A quadratic equation is a type of polynomial equation of degree two, typically written in the standard form:

• \( ax^2 + bx + c = 0 \)

where \( a \), \( b \), and \( c \) are constants, and \( x \) is the variable. An important aspect of quadratic equations is that they can have two solutions, one solution, or no real solutions depending on the discriminant \( b^2 - 4ac \).
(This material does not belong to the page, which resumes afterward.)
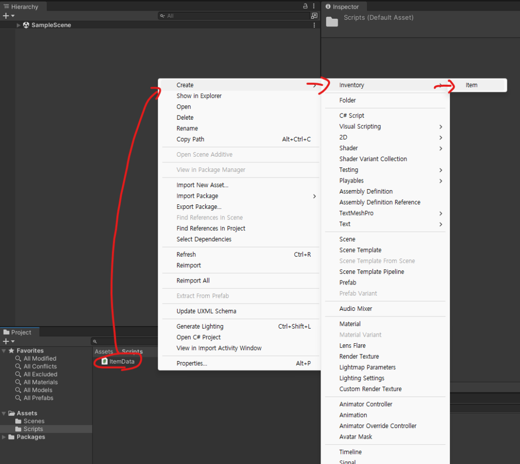 - 프로젝트 창에서 우클릭 > Create > Inventory > Item을 선택합니다.

The term "discriminant" might sound complex, but it's simply the expression under the square root in the quadratic formula. If the discriminant is positive, there are two real solutions. If it's zero, there's exactly one real solution, and if negative, the solutions are complex (non-real).

In our specific problem, we have an equation: \(-\frac{1}{2} x^{2}+6 x+13=0\), where \( a = -1/2 \), \( b = 6 \), and \( c = 13 \). By using the quadratic formula, we address each component and calculate the solutions.

Radicals are expressions that include a square root, cube root, or higher roots. When solving quadratic equations, we often encounter a radical within the quadratic formula:

• \( x = \frac{{-b \pm \sqrt{{b^2 - 4ac}}}}{2a} \)

In this formula, the expression under the square root \( b^2 - 4ac \) can be positive, zero, or negative, affecting the type and nature of the solutions.

In our exercise, substituting \( a = -1/2 \), \( b = 6 \), and \( c = 13 \), we found that the expression under the square root simplifies to \( \sqrt{62} \). This is a radical term because \( 62 \) is not a perfect square and thus \( \sqrt{62} \) cannot be simplified to an exact numerical value without using a calculator.

We then consider two scenarios from the quadratic formula: one where we add the square root and one where we subtract it, providing two potential solutions. The solutions in radical form were determined as \( x_1 = 6 - \sqrt{62} \) and \( x_2 = 6 + \sqrt{62} \).

Rounding is a process used to simplify numbers to a desired decimal place, making them easier to work with or read. In this exercise, after finding solutions with radicals, it was necessary to round them to the nearest hundredth for clarity and precision.

Each solution \( x_1 \) and \( x_2 \) derived from the quadratic formula involves evaluating the expression containing \( \sqrt{62} \):

• For \( x_1 \), calculate \( 6 - \sqrt{62} \)
• For \( x_2 \), calculate \( 6 + \sqrt{62} \)

After using a calculator, we find the decimal approximations:

• \( x_1 \approx -1.87 \)
• \( x_2 \approx 13.87 \)

Rounding these numbers to the nearest hundredth ensures that we present the solutions in a practical, usable form. This practice is common, especially when dealing with roots and irrational numbers, to maintain both accuracy and simplicity.